[TASK DETAILS]
Find, in the records below, the line that contains "Cartão Postal Praia" and the line that contains "עגילי גבי גולד". Copy those two lines and everything between them exactly, but not the pictures.

[DATA FOR THIS TASK]
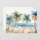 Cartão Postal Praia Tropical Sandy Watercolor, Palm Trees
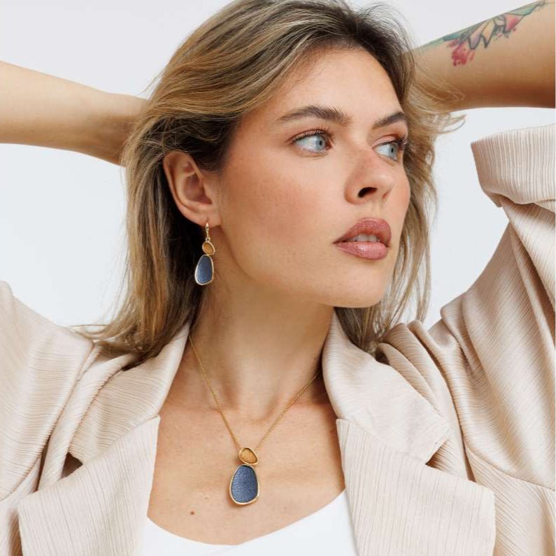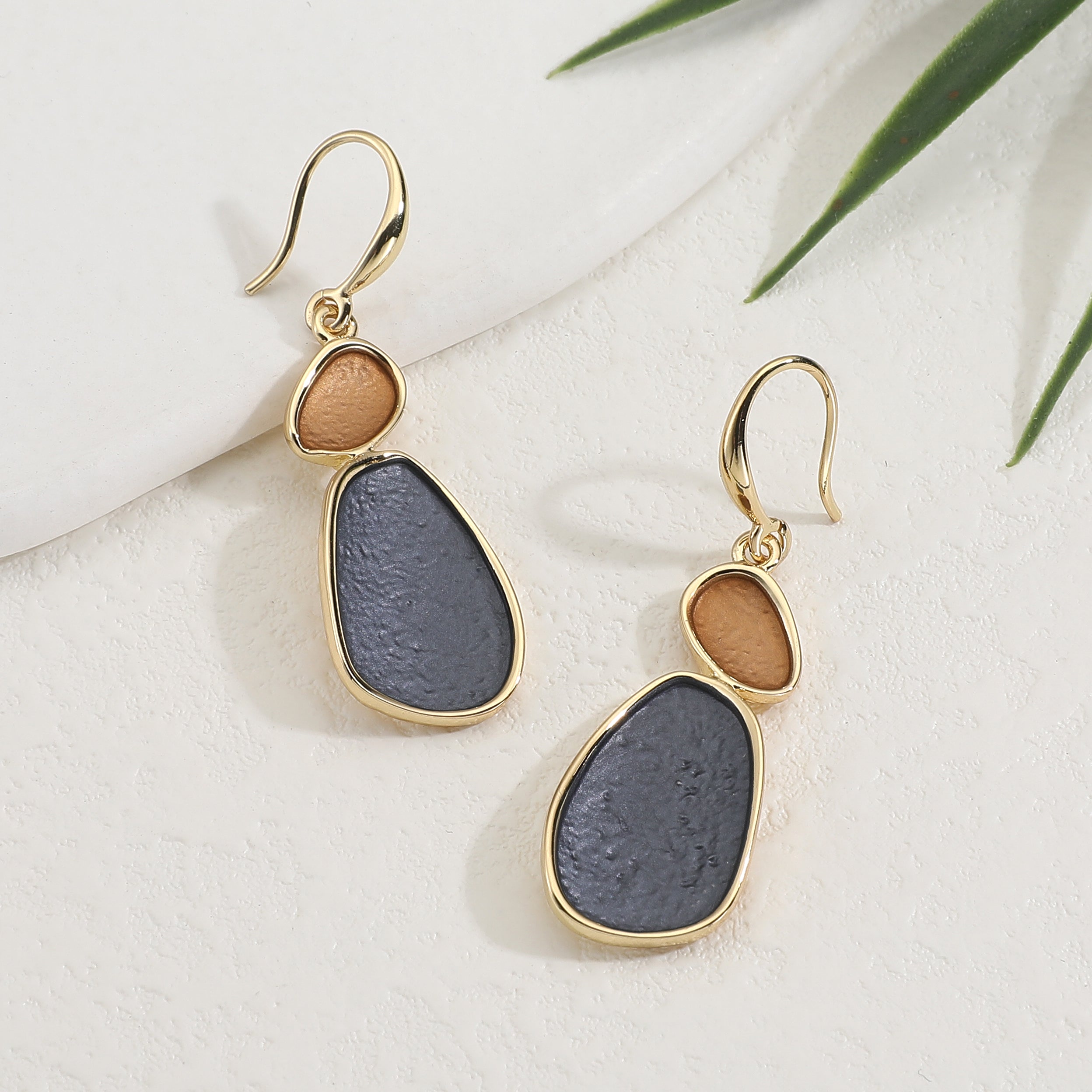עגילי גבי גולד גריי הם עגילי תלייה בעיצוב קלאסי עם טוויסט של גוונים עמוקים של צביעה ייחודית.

--

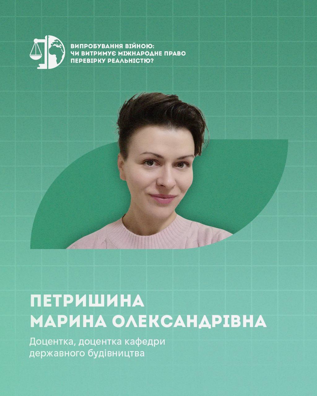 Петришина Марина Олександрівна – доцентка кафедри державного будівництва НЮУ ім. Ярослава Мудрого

[ANSWER]
 Cartão Postal Praia Tropical Sandy Watercolor, Palm Trees
עגילי גבי גולד גריי הם עגילי תלייה בעיצוב קלאסי עם טוויסט של גוונים עמוקים של צביעה ייחודית.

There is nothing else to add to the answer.